其中每個文件夾包含代表一個類，共18類。每個txt文檔包含一則新聞消息。至此預處理完畢。

2.數據清洗與特征提取

查看數據特征

為了符合短文本分類的特性，用以下代碼查看以數據集下各個文本在長度上的分類。

import os											#此段代碼依次讀取各個文本分類文件夾中txt文檔，獲取長度后存入lists中
import numpy as np								     #lists[i],其中i表示文本長度，lists[i]的值表示文本長度為i的文本個數
import matplotlib.pyplot as plt

lists = [0]
lists = lists*20001
def EnumPathFiles(path, callback):
    if not os.path.isdir(path):
        print('Error:"',path,'" is not a directory or does not exist.')
        return
    list_dirs = os.walk(path)

    for root, dirs, files in list_dirs:
        for d in dirs:
            print(d)
            EnumPathFiles(os.path.join(root, d), callback)
        for f in files:
            callback(root, f)

def callback1(path, filename):
    textpath =  path+'\\'+filename
    print(textpath)
    text = open(textpath,'rb').read()
    length = len(text)/3
    if length <= 20000:
        lists[length]+=1

if __name__ == '__main__':
    EnumPathFiles(r'C:\\Users\\iloveacm\\pytorch\\sohu\\sougou_all', callback1)
    m = np.array(lists)
    np.save('demo.npy',m)
    a=np.load('demo.npy')
    graphTable=a.tolist()
    print(graphTable)

根據上面得到的數組畫圖，結果如下

# -*- coding:UTF-8 -*-
import os
import numpy as np
import matplotlib.pyplot as plt

a=np.load('demo.npy')
graphTable=a.tolist()
#print(graphTable)
plt.plot(graphTable)
plt.ylabel('the number of texts')    #x軸代表文本的長度，y軸代表文本長度為x的文本數量
plt.xlabel('the length of text')
plt.axis([0,3000,0,3000])
plt.show()

可以看到，絕大部分文檔長度集中在小於等於500的長度范圍內。

分詞

本文采用結巴分詞，分詞的同時去除一次些中文停用詞，即一些沒有意義的詞語，如：即，而已，等等。與此同時，去除標點符號，標點符號包含在停用詞列表中。這是本實驗采用的停用詞列表。

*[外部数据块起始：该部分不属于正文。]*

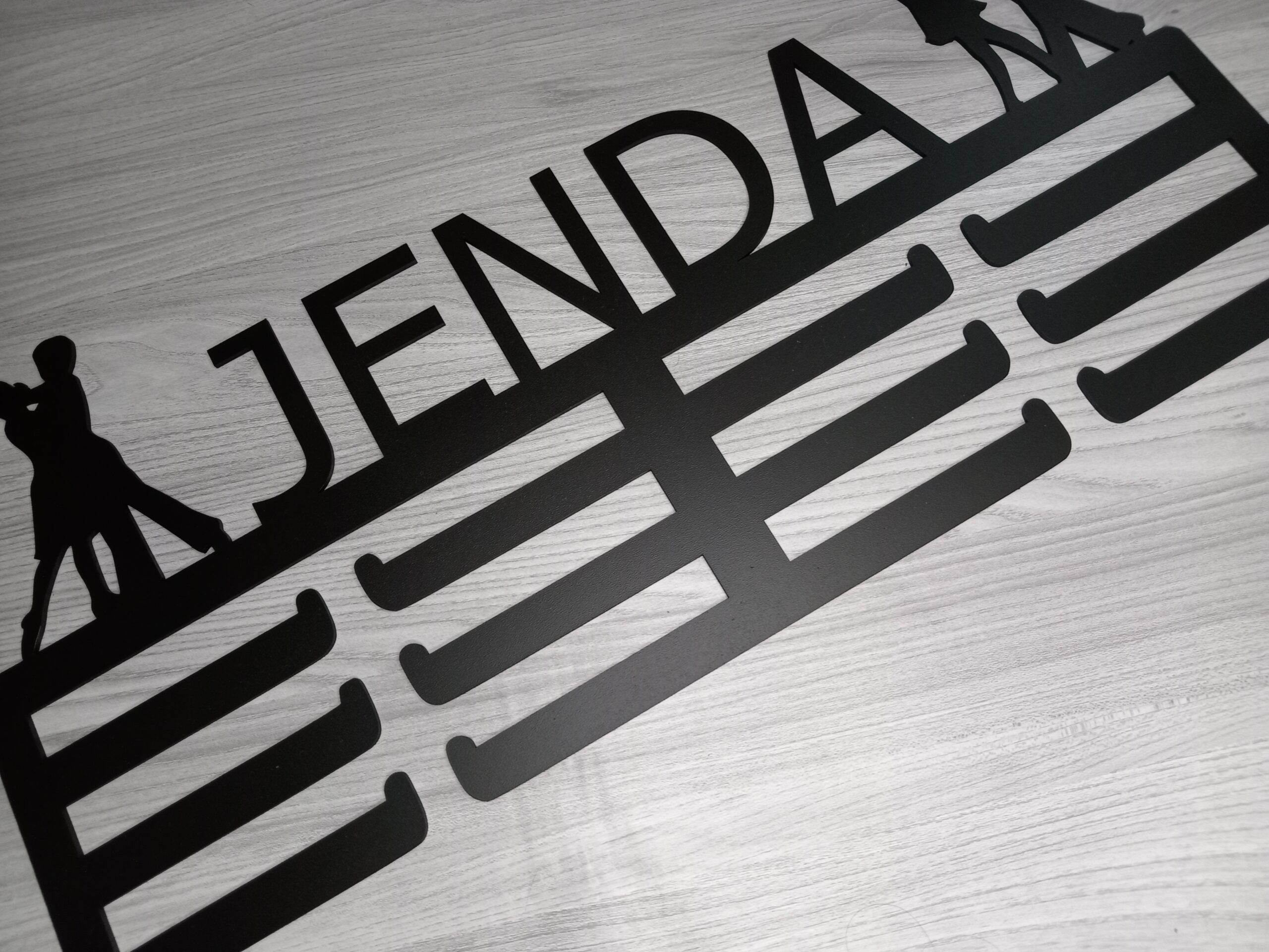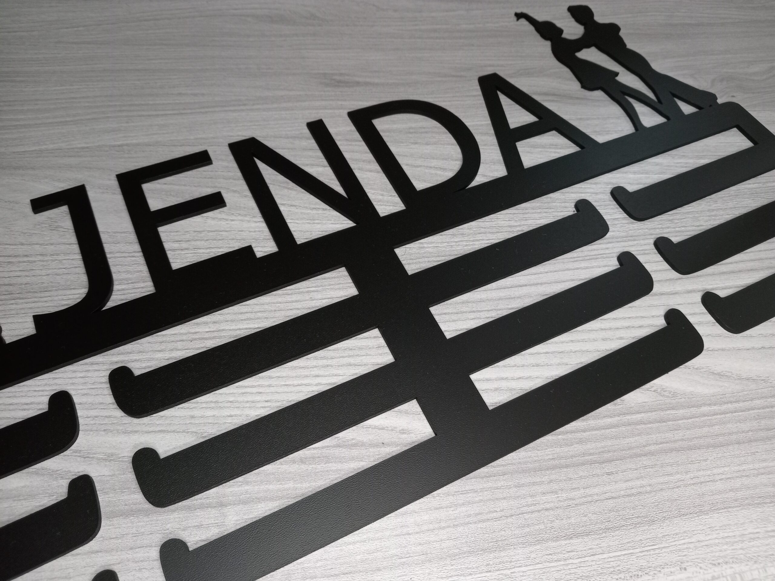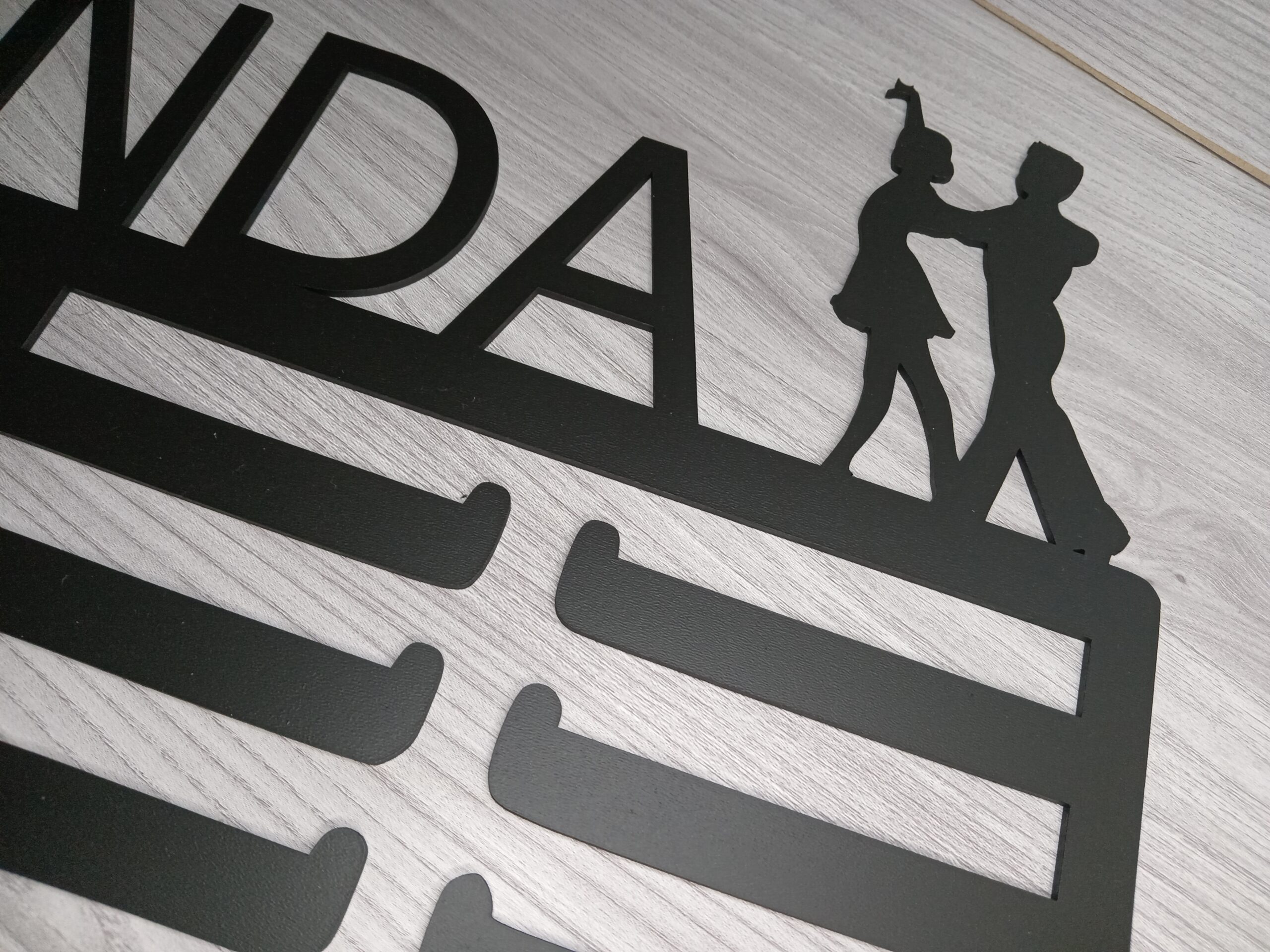 Dřevěný věšák na medaile Tanec je perfektním dárkem pro všechny milovníky tance. Tento stylový věšák je vyroben z kvalitní dřevovláknité desky a umožňuje řezání jména na zakázku, což z něj činí jedinečný a osobní dárek. Design věšáku je inspirován tanečním stylem a dodá každému pokoji taneční atmosféru. Je dostupný ve třech velikostech.

下面是處理停用詞代碼

#encoding=utf-8								#遍歷文件，用ProsessofWords處理文件
import jieba
import os
import numpy as np
import sys
reload(sys)
sys.setdefaultencoding('utf-8')

def EnumPathFiles(path, callback, stop_words_list):
    if not os.path.isdir(path):
        print('Error:"',path,'" is not a directory or does not exist.')
        return
    list_dirs = os.walk(path)

    for root, dirs, files in list_dirs:
        for d in dirs:
            print(d)
            EnumPathFiles(os.path.join(root, d), callback, stop_words_list)
        for f in files:
            callback(root, f, stop_words_list)
        
def ProsessofWords(textpath, stop_words_list):
    f = open(textpath,'r')
    text = f.read()
    f.close()
    result  = list()
    outstr = ''
    seg_list = jieba.cut(text,cut_all=False)
    for word in seg_list:
        if word not in stop_words_list:
            if word != '\t':
                outstr += word
                outstr += " "
    f = open(textpath,'w+')
    f.write(outstr)
    f.close()

def callback1(path, filename, stop_words_list):
    textpath =  path+'\\'+filename
    print(textpath)
    ProsessofWords(textpath, stop_words_list)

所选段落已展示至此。